Is it better to thaw raw frozen shrimp in the frig or in cold water?


----------



## Andy M.

I always thaw shrimp in cold running water because it's very quick and I don't have to plan ahead.  It will go from -10F to the temperature of the water in about 10-15 minutes depending on the size of the shrimp.


----------



## HanArt

Andy M. said:
			
		

> I always thaw shrimp in cold running water because it's very quick and I don't have to plan ahead. It will go from -10F to the temperature of the water in about 10-15 minutes depending on the size of the shrimp.


 
Yep, that's the way I do it too!


----------



## texasgirl

Thanks, I figured that was the best way,  but, wanted to make sure. Theres 5 1/2 lbs and I didn't want to mess up.


----------



## Otter

I tend to defrost most things in the refer. With shrimp, however, they seem to get waterlogged due to sitting in the dissolved ice water for a prolonged time. With 5.5 lbs, I would definitely pass on the refer and go the sink route.


----------



## daisy

It's best to defrost seafood, including fish, in milk, in the fridge. For some reason, the milk returns the 'freshly caught' flavour that seafood loses after being frozen. You can use the soaking-milk to make a white sauce afterwards, if desired, to serve with the seafood.


----------



## kitchenelf

daisy said:
			
		

> It's best to defrost seafood, including fish, in milk, in the fridge. For some reason, the milk returns the 'freshly caught' flavour that seafood loses after being frozen. You can use the soaking-milk to make a white sauce afterwards, if desired, to serve with the seafood.
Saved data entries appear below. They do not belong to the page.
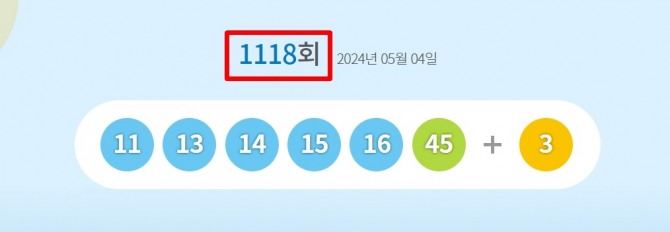 1118회 로또당첨번호(로또복권당첨번호) 조회(추첨) 결과 11, 13, 14, 15, 16, 45와 2등 보너스번호 3
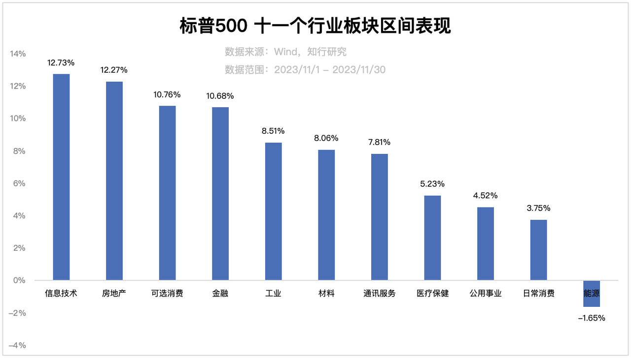 具体股票方面,标普500 十一个行业板块中,有十个出现上涨,涨得最好的是信息技术和房地产,涨幅均在 12% 以上;能源板块出现下跌,跌幅为 1.65%。具体指数表现中,11 月份标普500、标普500等权和纳斯达克100指数都出现了较大程度的上涨,涨幅分别为 8.91%、8.87% 和 10.67%。
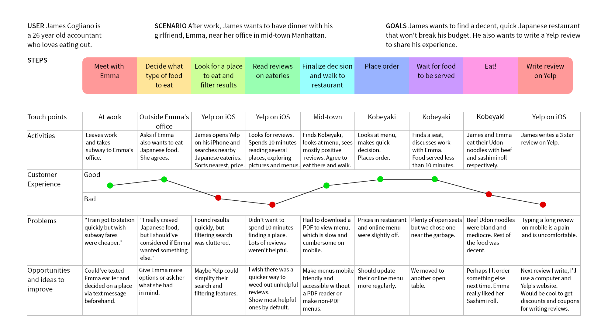 The journey map details a scenario where James goes out for dinner after work with his girlfriend Emma. Several key points were ideated from our maps:
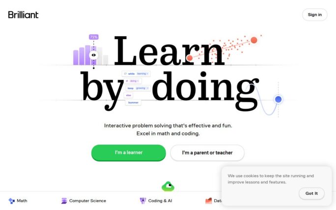 Description: Guided interactive problem solving that’s effective and fun. Try thousands of interactive lessons in math, programming, data analysis, AI, science, and more.
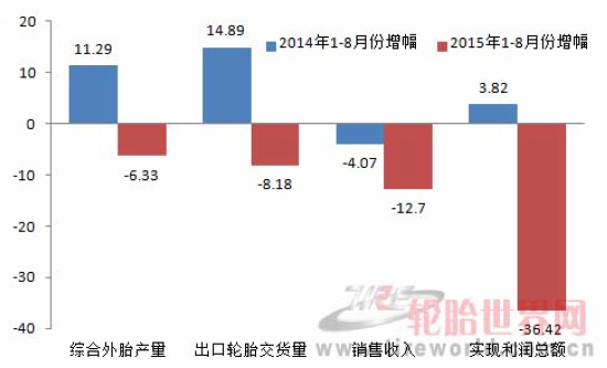 图1:2015年1-8月份与2014年1-8月份轮胎主要指标增幅对比状况(单位:%)
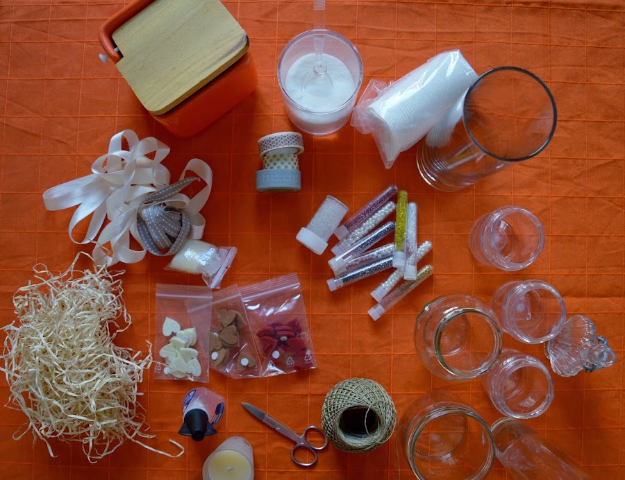 Puedes decorar los frascos con cualquiera de las cosas antes nombradas, no hace falta tener todo.

That's very interesting daisy - I will try that next time I thaw seafood.  The white sauce has to be great!!!!


----------



## cats

Daisy - That's an interesting method using milk when defrosting fish. I've never heard or read of that. Does it work for all seafood?  We generally eat froz. shrimp and scallops here, but fresh tilapia otherwise. I do think I would toss out the milk afterwards tho'.


----------



## RosCoe

Back when I  used to fish a lot milk was the way we did it. It would remove any fishy taste from filets and was really good for big redfish. 
Ross


----------



## lyndalou

I have used milk to soak anchovy fillets , but I have never heard of thawing seafood or any fish in it. Very interesting. I think I'd also toss the milk afterward.


----------



## GB

I have heard of soaking fish in milk, but not thawing in milk. Very interesting indeed!


----------



## crmos8

I had a newbie line cook once that decided that if cold running water was good for thawing green shrimp, hot water could only be better. He tried it once...........just once.


----------



## masteraznchefjr

crmos8 said:
			
		

> I had a newbie line cook once that decided that if cold running water was good for thawing green shrimp, hot water could only be better. He tried it once...........just once.


 
lol. 

i microwave to defrost sometimes if im in a hurry. if im not ill just leave it in the fridge to thaw


----------